Top of Supplied material

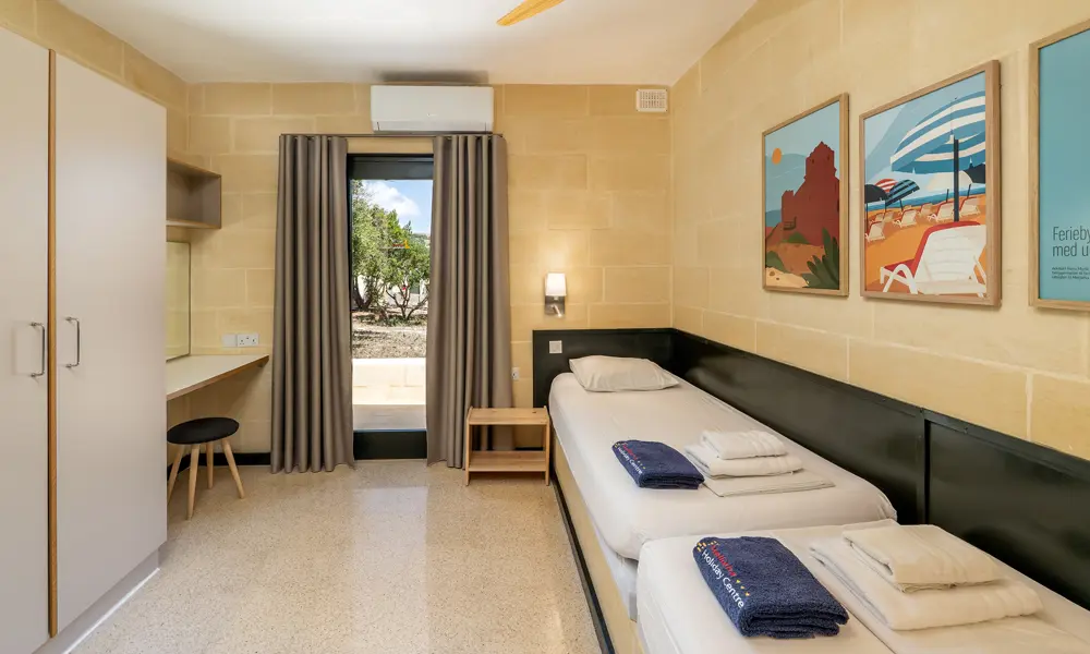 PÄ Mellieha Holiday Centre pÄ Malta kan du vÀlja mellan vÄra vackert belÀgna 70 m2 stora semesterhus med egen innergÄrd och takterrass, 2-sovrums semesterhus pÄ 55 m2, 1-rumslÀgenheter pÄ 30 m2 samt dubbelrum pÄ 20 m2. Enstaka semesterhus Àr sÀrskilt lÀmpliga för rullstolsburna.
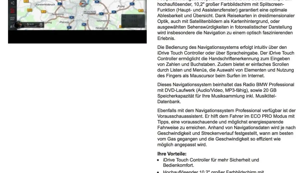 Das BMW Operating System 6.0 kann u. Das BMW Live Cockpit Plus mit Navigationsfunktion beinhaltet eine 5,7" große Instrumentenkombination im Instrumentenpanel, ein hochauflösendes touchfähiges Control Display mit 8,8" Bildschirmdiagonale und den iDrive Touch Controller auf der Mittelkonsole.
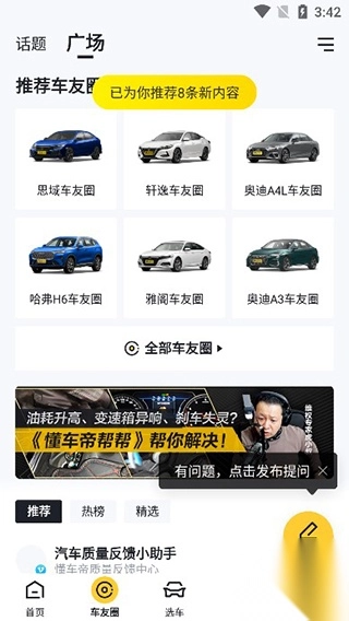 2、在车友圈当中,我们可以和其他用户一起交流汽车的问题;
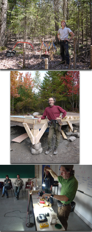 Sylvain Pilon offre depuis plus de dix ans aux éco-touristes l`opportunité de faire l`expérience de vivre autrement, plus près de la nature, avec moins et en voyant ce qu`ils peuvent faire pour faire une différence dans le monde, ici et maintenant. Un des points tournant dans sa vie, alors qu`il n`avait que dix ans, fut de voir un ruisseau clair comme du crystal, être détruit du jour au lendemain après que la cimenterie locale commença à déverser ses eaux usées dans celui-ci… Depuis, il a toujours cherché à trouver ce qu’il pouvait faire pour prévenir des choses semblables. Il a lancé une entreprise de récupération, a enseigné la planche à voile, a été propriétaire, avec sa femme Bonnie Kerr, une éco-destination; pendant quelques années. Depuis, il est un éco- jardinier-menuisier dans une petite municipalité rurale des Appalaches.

Bottom of Supplied material

> **Task statement**
Pictures excluded, repeat exactly the lines from the top of the material through the line with "2、在车友圈当中,我们可以和其他用户一起交流汽车的问题;", including both of those lines.

> **Your solution**
 PÄ Mellieha Holiday Centre pÄ Malta kan du vÀlja mellan vÄra vackert belÀgna 70 m2 stora semesterhus med egen innergÄrd och takterrass, 2-sovrums semesterhus pÄ 55 m2, 1-rumslÀgenheter pÄ 30 m2 samt dubbelrum pÄ 20 m2. Enstaka semesterhus Àr sÀrskilt lÀmpliga för rullstolsburna.
 Das BMW Operating System 6.0 kann u. Das BMW Live Cockpit Plus mit Navigationsfunktion beinhaltet eine 5,7" große Instrumentenkombination im Instrumentenpanel, ein hochauflösendes touchfähiges Control Display mit 8,8" Bildschirmdiagonale und den iDrive Touch Controller auf der Mittelkonsole.
 2、在车友圈当中,我们可以和其他用户一起交流汽车的问题;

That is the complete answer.